Dear Kevin, great job, oh did you know there are white athletes too ????
TO SMARTSISTAH: Why do you think white people comment about the continuous drone of 'black this, black that'? When white people have a 'White Miss America' and the 'White Entertainment Network' and the National Association For White People, and apparently you don't have to be from Africa to be 'African America', The Tuskeegee Airman won World War Two. Hey, black it up all you want, but every time you talk about not enough black coaches, there are not enough white basketball and football players.

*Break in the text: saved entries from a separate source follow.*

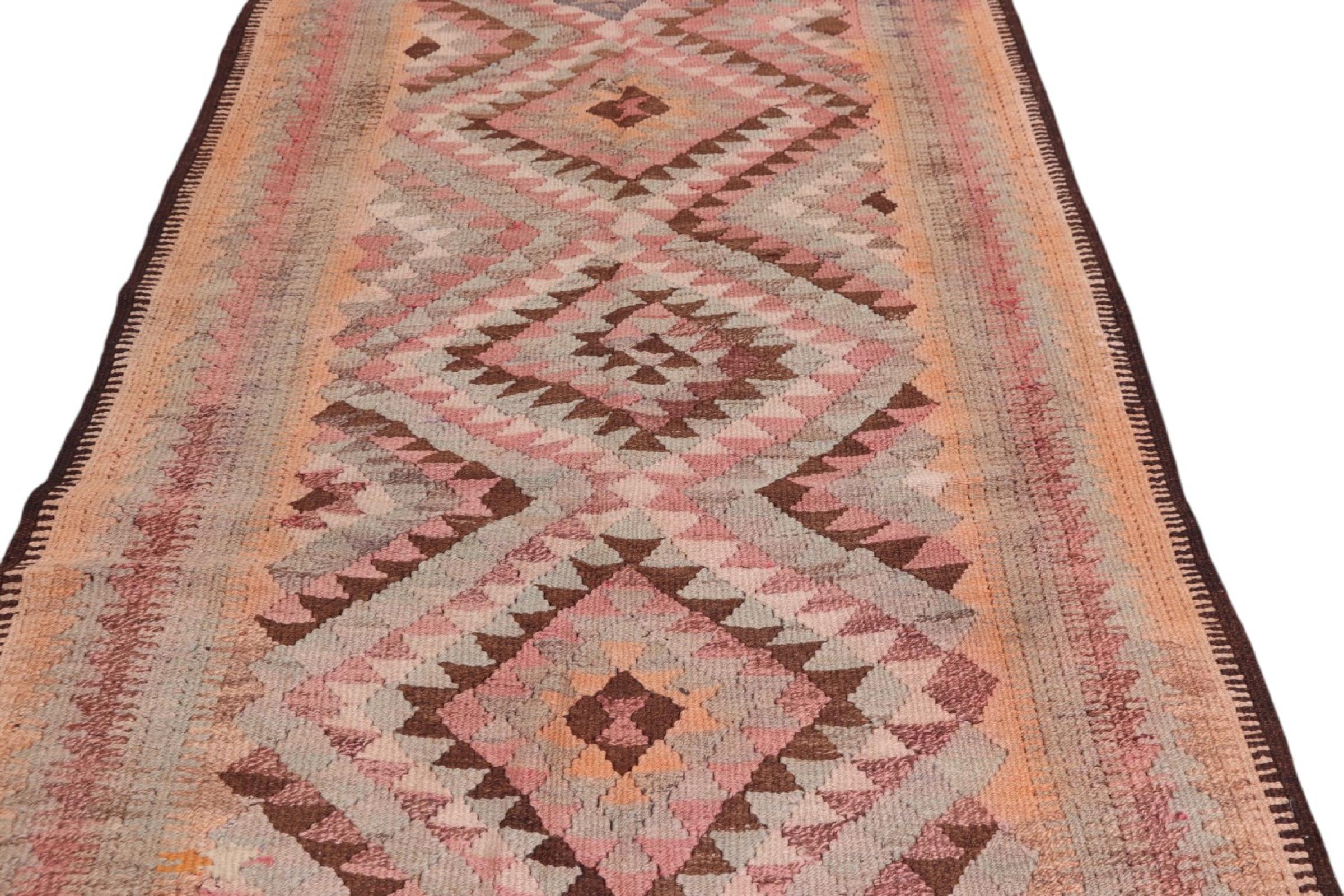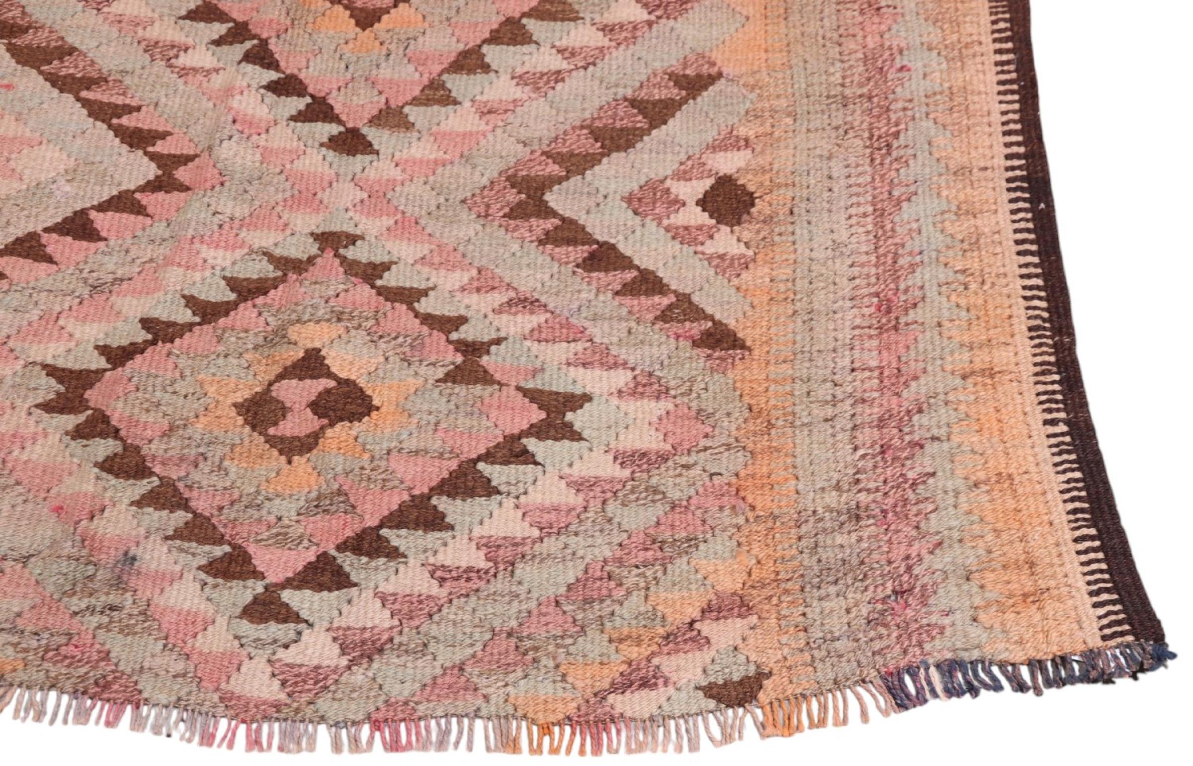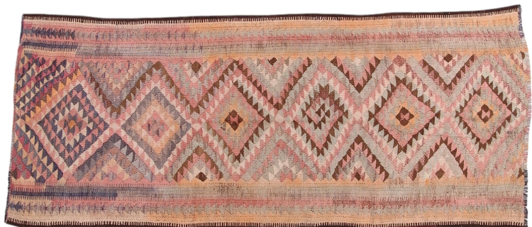 Dit tapijt is met de hand gemaakt op een weefgetouw als plat weefgetouw. Flatweave is de term die wordt gebruikt om tapijten zonder pool te beschrijven. Zoals de naam al belooft, zijn deze tapijten geweven en niet geknoopt. Dit resulteert in een vlak tapijt met een gestructureerd oppervlak. Platweefsels zijn niet zo zacht en meestal dunner dan geknoopte tapijten. Tegelijkertijd zijn ze veel minder complex te vervaardigen en kunnen ze meestal aan beide zijden (voor- en achterkant) worden gelegd. Hun patronen zijn meestal geometrisch, wat wordt bepaald door de stof.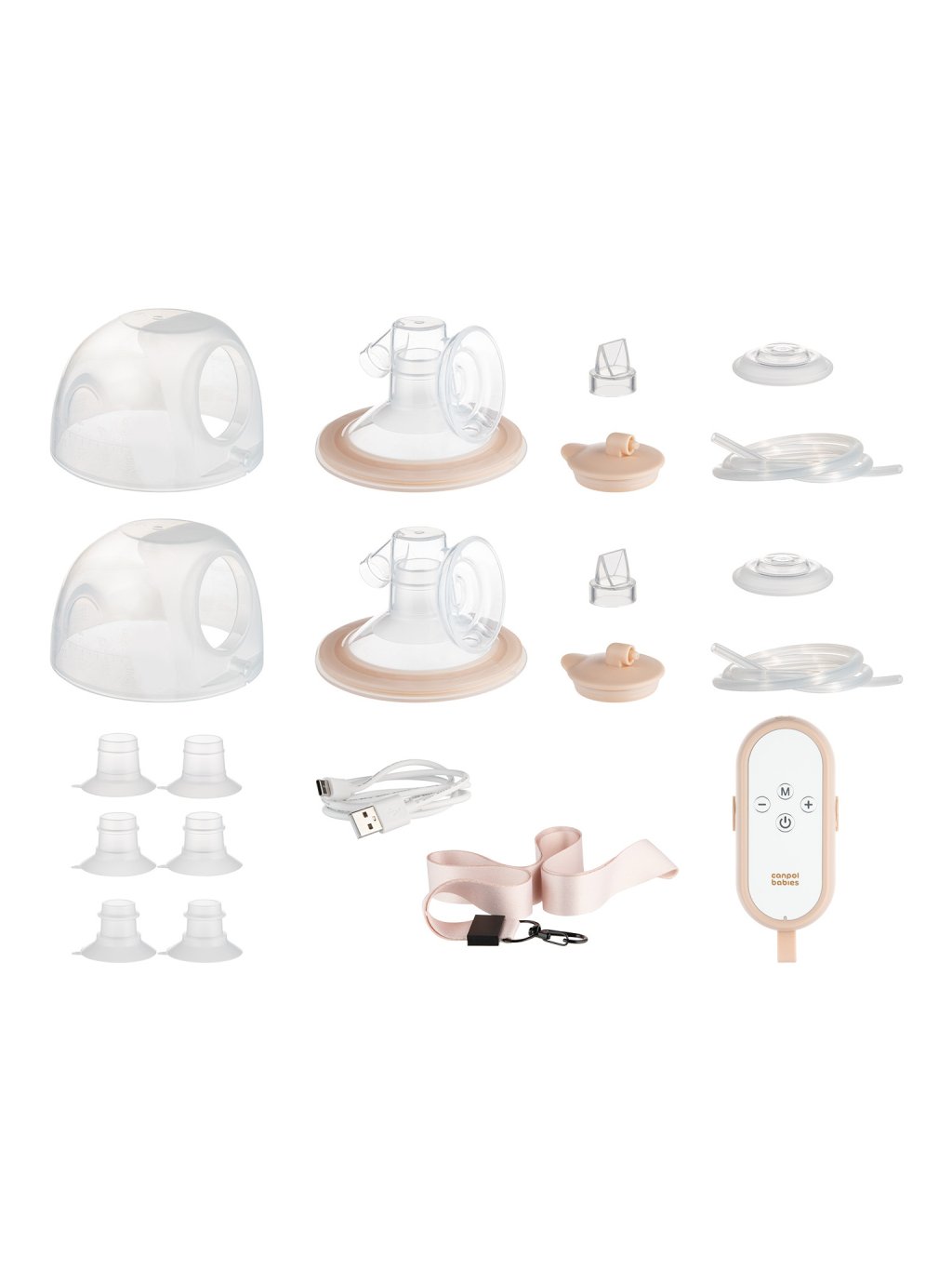 Sada obsahuje: napájecí kabel typu C, ovládací zařízení odsávačky mléka (tělo odsávačky), silikonová membrána 2 ks, zpětný ventil 2 ks, trychtýř o velikosti 27 mm 2 ks, zásobník na sběr mléka 2 ks, uzávěr membrány 2 ks, silikonová hadička 2 ks, silikonové trychtýřové vložky 6 ks (3 různé velikosti: 2x 19mm, 2 x 21mm, 2x 24mm), šňůrka k zavěšení odsávačky, nástavec na ramínko podprsenky 2 ks.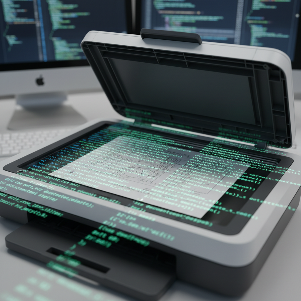 Alt text: High-tech document scanning process with code overlay, illustrating advanced text extraction software comparison.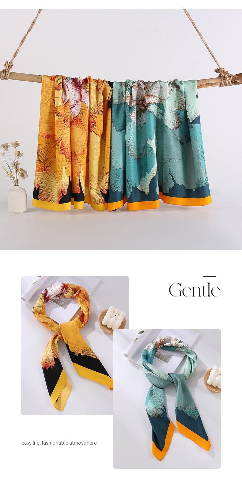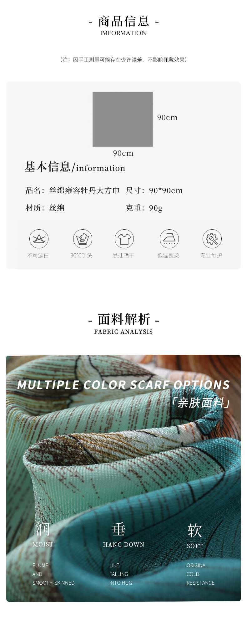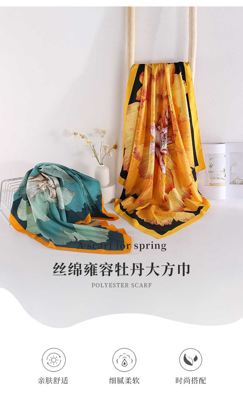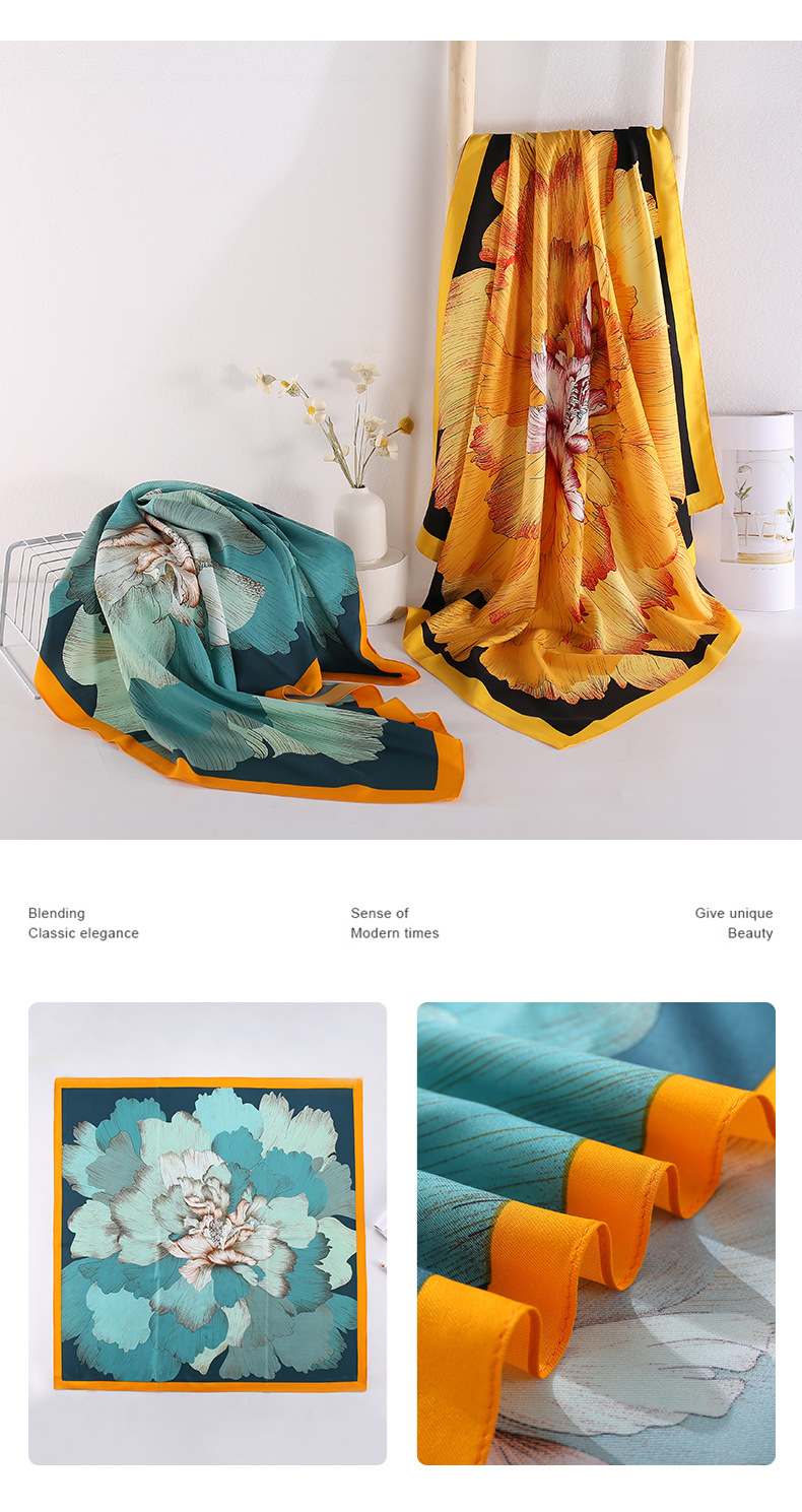 아름답고 우아한 모란 90 실크 스카프 여성 Ins 디자인 센스 우아한 장식 실크면 대형 스퀘어 스카프 목도리 휴일 선물

But there is one thing thing you can do better, and thats raise the homicide rate.....I guess I should apologise when people like you and Kevin point out the accomplishments of people that I too find amazing they achieved...
"The question after the Obama euphoria subsides is what the others who make their living like Mutombo will do to honor this president they claimed to be so moved by."
Ask not what you can do for your country - ask what you can do for The Exalted One.
Mutombo is a GREAT MAN. That was the point of this article. If more human beings took their blessings and helped to make a difference, the world would be a better place.